Kidney stones were more common in males, and this is similar to that in the general community. While we believe that transfusion-related complications are important factors in stone formation, there are likely to be other dietary, environmental, or gender-specific factors which contribute to the sexual dimorphism. The relationship between nephrolithiasis to BMD and fractures appears to be stronger in men than in women in the general population [1]. In our subgroup analysis, we found renal stones to be associated with fractures in males but not in females. There could be several reasons for this observation. Males had lower Z-scores and are transfused to a higher hemoglobin level compared to females. The greater prevalence of fractures in young males may also reflect participation in higher risk-taking activities. Although this study is relatively large for transfusion-dependent thalassemia, it is small compared to the majority of postmenopausal osteoporosis studies. This may explain why a statistically significant relationship between fractures and nephrolithiasis was not seen in the overall analysis.
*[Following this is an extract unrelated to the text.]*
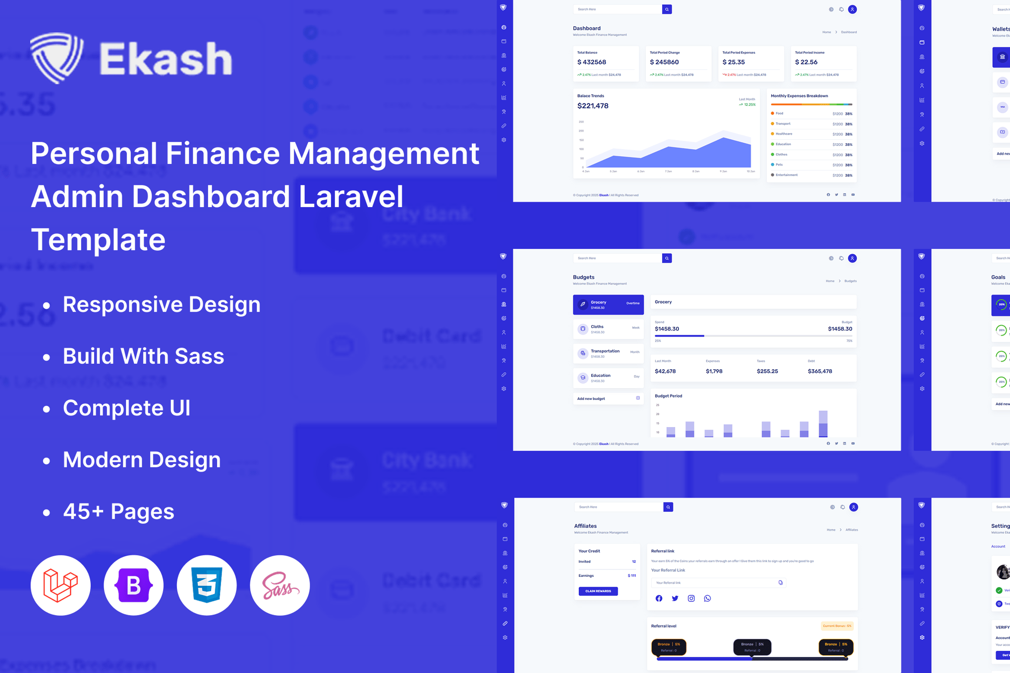 Introducing Ekash, a sophisticated personal finance dashboard template crafted with Laravel, CSS, and JavaScript. Perfect for developers creating financial web apps, Ekash features pre-designed pages for Wallets, Budgets, Goals, and Transaction History. With a responsive layout and clean design, it offers over 150 UI components, advanced charts, and data tables for effective financial data visualization. Customize Ekash with light and dark sidebar themes, and benefit from its user-friendly structure, ideal for prototyping or developing polished finance dashboards effortlessly.

There are several caveats with this study. A definitive causal link between renal stones, low BMD, and increased fractures cannot be formally established due to the retrospective nature of this study, nor can the pathogenesis of renal stones, as data on stone composition and 24-h urine calcium measurements were not available for all patients. The findings from this study cannot be extrapolated to patients with less severe thalassemia where complications related to chronic transfusion are less likely.

We have shown for the first time a significant association between nephrolithiasis, reduced BMD, and increased fractures in patients with transfusion-dependent thalassemia after adjusting for confounding factors. This strongly argues that enquiring about a history of nephrolithiasis along performing urine calcium and DXA studies is required in all patients with transfusion-dependent thalassemia. Further studies are needed to determine the pathogenesis and composition of kidney stones and the influence of gender on the prevalence of nephrolithiasis.